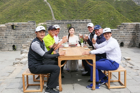 挥杆长城之后,球星们还品茗了中国功夫茶。源自广东、福建的功夫茶则让这些平日在球场上龙争虎斗的球星们放下球杆,坐而论道。置身古老的烽火台,由专业茶艺师的引导讲解,在座的中外球星们立即被古老的茶文化所吸引。来自福建的吴阿顺更是为能推介家乡的茶文化自豪不已。随后,他们两两举杯对饮品尝茶艺师冲泡的福鼎白茶,象征着东方的茶文化与源自西方的高尔夫文化的融合。
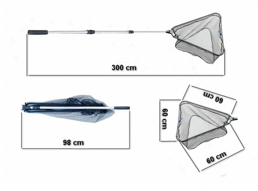 - Сачок довжиною 300 см складається з 3 елементів і має розмір 100 см у складеному вигляді.
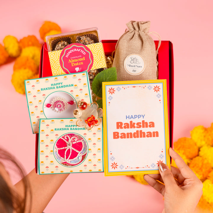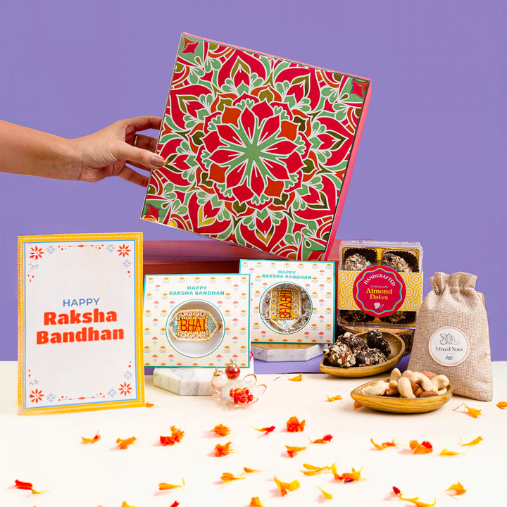 Enjoy the celebration more with premium sweets, which make the Rakhi with Gifts for Bhaiya Bhabhi even more fun. The hamper also stands out as one of the best customizable Rakhi Hampers, allowing you to add a personal touch for your loved ones. It's a wonderful festive gift to share love and strengthen family ties with affection; this hamper stands out. Make the upcoming Raksha Bandhan a memorable occasion with The Zappy Box’s thoughtful presentation and traditional elegance.
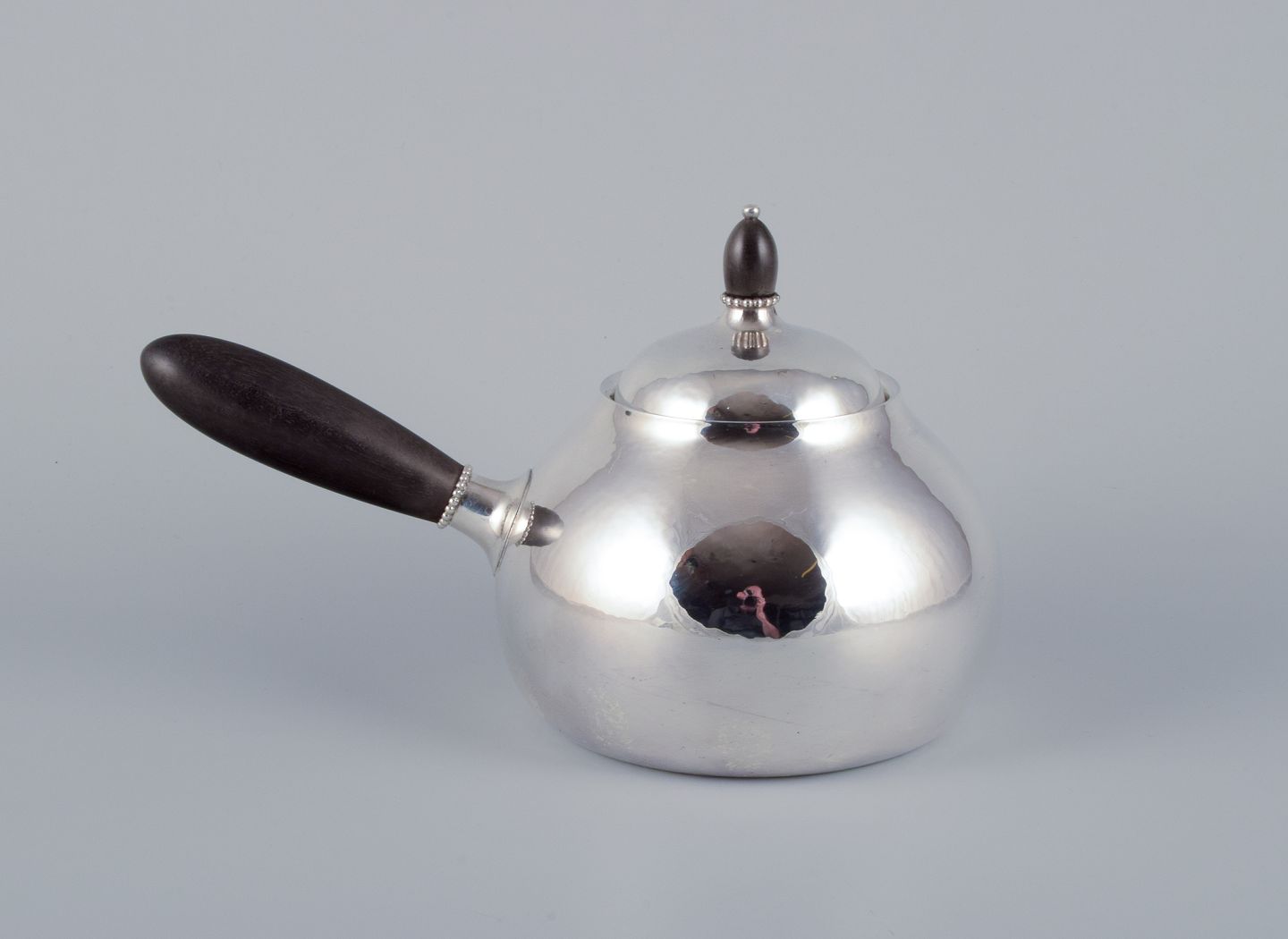 Georg Jensen tekande i sterlingsølv med hank og lågknop i ibenholt. Model 80A. Perfekt stand. Stemplet efter 1944. Mål: L 21,5 cm. inklusive hank x H 13,0 cm. inklusive låg.

__Work order__: Write out exactly the lines from the line containing "- Сачок довжиною" through the last line of the listing above, please, and leave out any pictures.

__Written answer__:
 - Сачок довжиною 300 см складається з 3 елементів і має розмір 100 см у складеному вигляді.
 Enjoy the celebration more with premium sweets, which make the Rakhi with Gifts for Bhaiya Bhabhi even more fun. The hamper also stands out as one of the best customizable Rakhi Hampers, allowing you to add a personal touch for your loved ones. It's a wonderful festive gift to share love and strengthen family ties with affection; this hamper stands out. Make the upcoming Raksha Bandhan a memorable occasion with The Zappy Box’s thoughtful presentation and traditional elegance.
 Georg Jensen tekande i sterlingsølv med hank og lågknop i ibenholt. Model 80A. Perfekt stand. Stemplet efter 1944. Mål: L 21,5 cm. inklusive hank x H 13,0 cm. inklusive låg.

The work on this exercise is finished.